Collection entries
· · · · ·
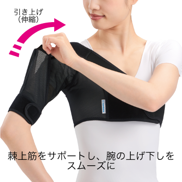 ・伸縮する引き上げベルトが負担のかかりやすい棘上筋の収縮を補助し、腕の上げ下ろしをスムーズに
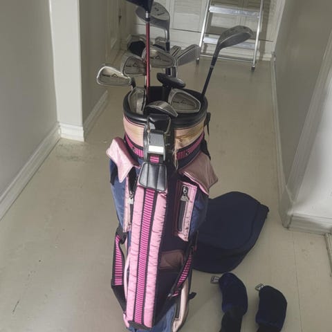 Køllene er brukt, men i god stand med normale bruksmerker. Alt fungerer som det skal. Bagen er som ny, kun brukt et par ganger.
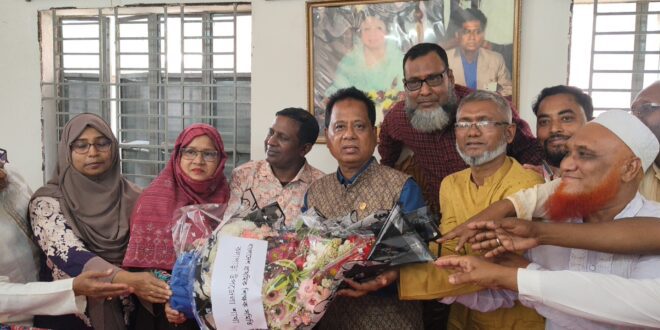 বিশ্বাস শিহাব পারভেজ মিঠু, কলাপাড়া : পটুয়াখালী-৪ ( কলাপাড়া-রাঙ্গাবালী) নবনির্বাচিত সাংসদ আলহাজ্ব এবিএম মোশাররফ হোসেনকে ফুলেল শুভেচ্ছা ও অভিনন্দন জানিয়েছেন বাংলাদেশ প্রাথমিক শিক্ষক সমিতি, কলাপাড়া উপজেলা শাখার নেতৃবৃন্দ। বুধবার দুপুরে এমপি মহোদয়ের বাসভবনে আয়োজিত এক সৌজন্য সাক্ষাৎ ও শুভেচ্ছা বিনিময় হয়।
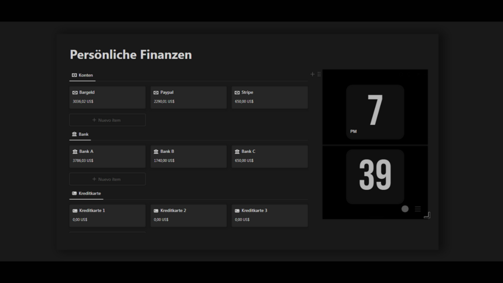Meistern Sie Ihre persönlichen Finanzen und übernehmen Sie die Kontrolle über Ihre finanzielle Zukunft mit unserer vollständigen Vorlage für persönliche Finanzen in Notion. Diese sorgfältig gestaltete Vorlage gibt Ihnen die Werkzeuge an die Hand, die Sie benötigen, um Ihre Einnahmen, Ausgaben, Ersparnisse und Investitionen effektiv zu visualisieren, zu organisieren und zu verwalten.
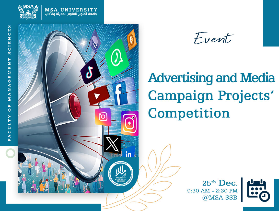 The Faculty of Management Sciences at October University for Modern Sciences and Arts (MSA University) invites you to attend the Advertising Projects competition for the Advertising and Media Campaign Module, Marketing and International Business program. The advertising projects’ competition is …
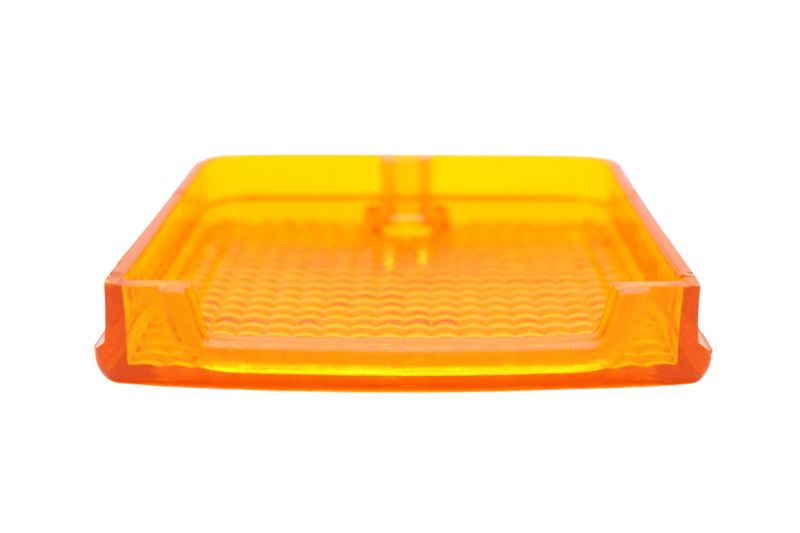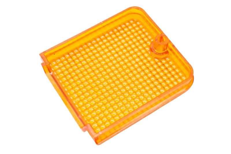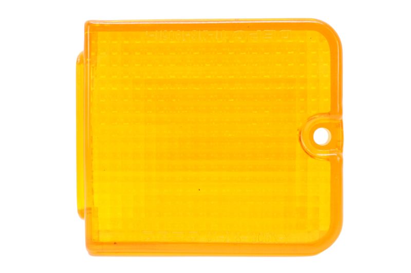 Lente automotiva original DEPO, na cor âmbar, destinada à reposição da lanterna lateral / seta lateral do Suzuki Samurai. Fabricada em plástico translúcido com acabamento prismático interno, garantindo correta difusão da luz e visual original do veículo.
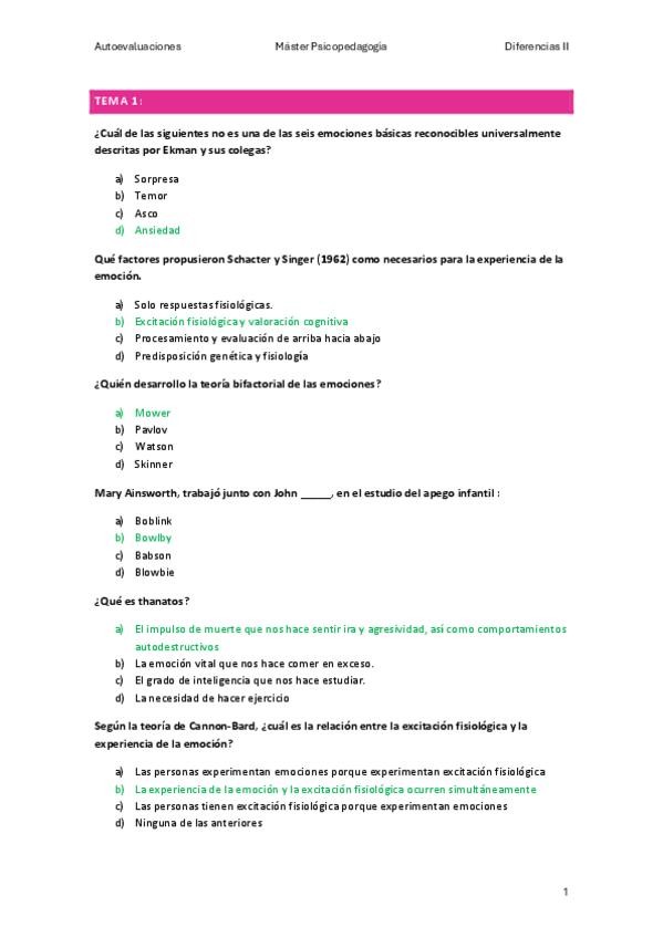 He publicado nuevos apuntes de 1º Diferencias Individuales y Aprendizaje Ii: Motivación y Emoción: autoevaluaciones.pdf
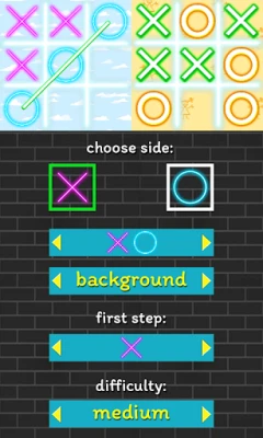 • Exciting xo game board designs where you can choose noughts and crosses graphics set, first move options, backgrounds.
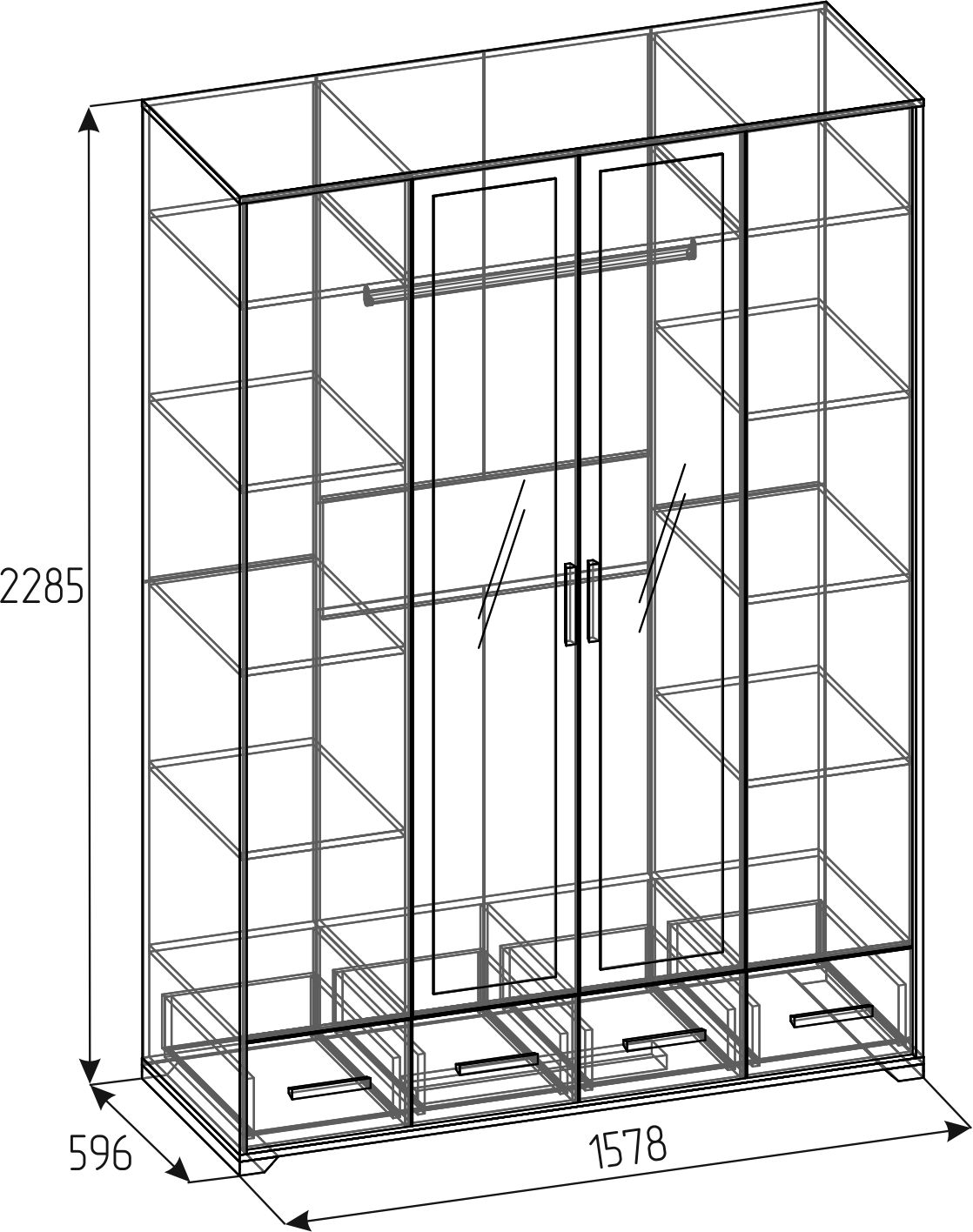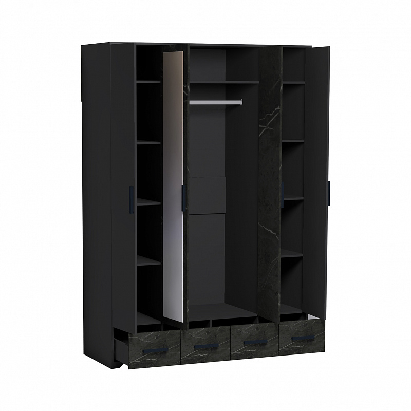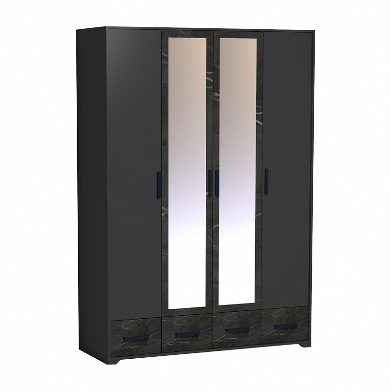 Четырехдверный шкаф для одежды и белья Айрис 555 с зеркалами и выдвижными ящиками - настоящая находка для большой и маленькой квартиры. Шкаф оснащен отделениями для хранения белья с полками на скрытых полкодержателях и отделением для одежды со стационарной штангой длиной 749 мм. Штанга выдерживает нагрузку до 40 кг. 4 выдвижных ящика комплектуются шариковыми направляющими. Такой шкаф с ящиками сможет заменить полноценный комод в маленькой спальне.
· · · · ·
**YOUR ASSIGNMENT**
Take the line containing "Meistern Sie Ihre" and every line after it through the end of the data, and write them out exactly, with no pictures.

**PROBLEM SOLUTION**
Meistern Sie Ihre persönlichen Finanzen und übernehmen Sie die Kontrolle über Ihre finanzielle Zukunft mit unserer vollständigen Vorlage für persönliche Finanzen in Notion. Diese sorgfältig gestaltete Vorlage gibt Ihnen die Werkzeuge an die Hand, die Sie benötigen, um Ihre Einnahmen, Ausgaben, Ersparnisse und Investitionen effektiv zu visualisieren, zu organisieren und zu verwalten.
 The Faculty of Management Sciences at October University for Modern Sciences and Arts (MSA University) invites you to attend the Advertising Projects competition for the Advertising and Media Campaign Module, Marketing and International Business program. The advertising projects’ competition is …
 Lente automotiva original DEPO, na cor âmbar, destinada à reposição da lanterna lateral / seta lateral do Suzuki Samurai. Fabricada em plástico translúcido com acabamento prismático interno, garantindo correta difusão da luz e visual original do veículo.
 He publicado nuevos apuntes de 1º Diferencias Individuales y Aprendizaje Ii: Motivación y Emoción: autoevaluaciones.pdf
 • Exciting xo game board designs where you can choose noughts and crosses graphics set, first move options, backgrounds.
 Четырехдверный шкаф для одежды и белья Айрис 555 с зеркалами и выдвижными ящиками - настоящая находка для большой и маленькой квартиры. Шкаф оснащен отделениями для хранения белья с полками на скрытых полкодержателях и отделением для одежды со стационарной штангой длиной 749 мм. Штанга выдерживает нагрузку до 40 кг. 4 выдвижных ящика комплектуются шариковыми направляющими. Такой шкаф с ящиками сможет заменить полноценный комод в маленькой спальне.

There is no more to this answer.